Most of the other related errors in amdump.1 look like this with "timeout waiting for ACK":

driver: hdisk-state time 3108.065 hdisk 0: free 322012874 dumpers 14
driver: result time 3108.065 from dumper13: TRY-AGAIN 13-00017 "[request failed: timeout waiting for ACK]"
driver: dump failed 13-00017 middenheap.xxx.edu /, too many dumper retry: "[request failed: timeout waiting for ACK]"
rename_tmp_holding: /amandahold/20070110031502/middenheap.xxx.edu._.1: empty file?
driver: adjust_diskspace: time 3108.460: middenheap.xxx.edu:/ /amandahold/20070110031502/middenheap.xxx.edu._.1
driver: adjust_diskspace: time 3108.460: hdisk HD1 done, reserved 1344 used 0 diff -1344 alloc 71148758 dumpers 13driver: adjust_diskspace: time 3108.460: after: disk middenheap.xxx.edu:/ used 0


I'm really stumped! All backups on all other clients (49 DLEs total) are working fine. Any ideas?

ppragin
January 10th, 2007, 02:05 PM
I think this could be caused by the firewall not allowing the client to connect back to the server. Since you are using a FQDN middenheap.xxx.edu and not "localhost" the traffic may not be going through "lo". I would suggest trying to use "localhost" instead.

Thanks

bethany
January 12th, 2007, 05:55 AM
I think this could be caused by the firewall not allowing the client to connect back to the server. Since you are using a FQDN middenheap.xxx.edu and not "localhost" the traffic may not be going through "lo". I would suggest trying to use "localhost" instead.

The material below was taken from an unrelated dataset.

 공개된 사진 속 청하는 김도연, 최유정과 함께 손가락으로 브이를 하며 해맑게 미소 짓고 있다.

Hi Ppragin - I tried this for last night's dumps, but both / and /var failed with the same errors. From amstatus:

localhost:/ 0 driver: (aborted:"[request failed: timeout waiting for ACK]")(too many dumper retry)
localhost:/var 0 driver: (aborted:"[request failed: timeout waiting for ACK]")(too many dumper retry)

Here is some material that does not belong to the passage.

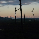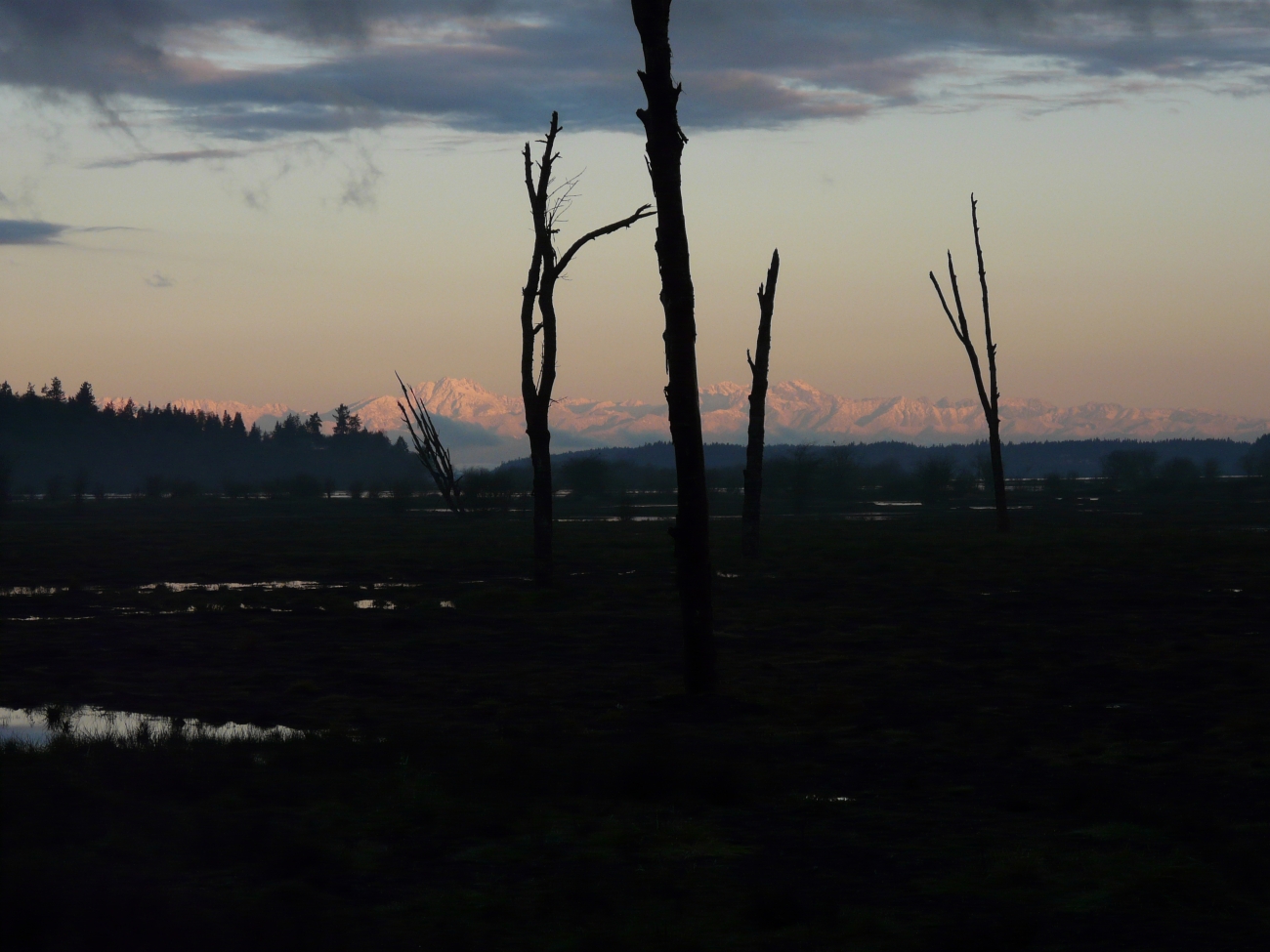 Dawn light flushes the Olympic Mountains, viewed from the Nisqually Delta.

in sendbackup.20070112032821.debug:

sendbackup: time 65.848: started backup
sendbackup: time 2442.495: 118: strange(?): sed: couldn't write 72 items to stdout: Broken pipe
sendbackup: time 2460.388: 118: strange(?):
sendbackup: time 2460.388: 118: strange(?): gzip: stdout: Broken pipe
sendbackup: time 2460.684: index tee cannot write [Broken pipe]
sendbackup: time 2460.684: pid 7933 finish time Fri Jan 12 04:10:14 2007
sendbackup: time 2460.685: 118: strange(?): sendbackup: index tee cannot write [Broken pipe]
sendbackup: time 2460.731: 47: size(|): Total bytes written: 798720 (780KiB, ?/s)
sendbackup: time 2460.731: 118: strange(?): gtar: -: Wrote only 8192 of 10240 bytes
sendbackup: time 2460.731: 118: strange(?): gtar: Error is not recoverable: exiting now
sendbackup: time 2460.732: error [compress returned 1, /bin/tar returned 2]

~/amandabackup/*/amdump.1:

driver: state time 880.426 free kps: 91408 space: 324362304 taper: idle idle-dumpers: 0 qlen tapeq: 0 runq: 32 roomq: 0 wakeup: 0 driver-idle: no-dumpers
driver: interface-state time 880.426 if default: free 81008 if LOCAL: free 10000 if LE0: free 400
driver: hdisk-state time 880.426 hdisk 0: free 324362304 dumpers 14
driver: result time 880.426 from chunker10: FAILED 12-00018 "[cannot read header: got 0 instead of 32768]"
driver: state time 880.426 free kps: 91408 space: 324362304 taper: idle idle-dumpers: 0 qlen tapeq: 0 runq: 32 roomq: 0 wakeup: 0 driver-idle: no-dumpers
driver: interface-state time 880.426 if default: free 81008 if LOCAL: free 10000 if LE0: free 400
driver: hdisk-state time 880.426 hdisk 0: free 324362304 dumpers 14
driver: result time 880.426 from dumper10: TRY-AGAIN 12-00018 "[request failed: timeout waiting for ACK]"
rename_tmp_holding: /amandahold/20070112031502/localhost._.0: empty file?

I'm going to change it back to the FQDN since AMcheck would prefer it that way:

Amanda Backup Client Hosts Check
--------------------------------
WARNING: Usage of fully qualified hostname recommended for Client localhost.

Any other ideas or troubleshooting techniques I can use other than looking through log files?

ktill
January 12th, 2007, 09:51 AM
All the DLE are using amcrypt-ossl-asym, so it eliminates the possbility of OpenSSL setup problem.
Only suggestion I have is to add "compress none" to dumptype server-encrypt-root-fast.
Also look at the log of iptables see if any amanda packets have been rejected.

Hope this helps!

--Kevin Till

bethany
January 17th, 2007, 04:52 AM
Yesterday I changed my server-encrypt-root-fast dumptype to use "compress none", and so far so good - last night's dumps completed without a hitch. Thanks so much!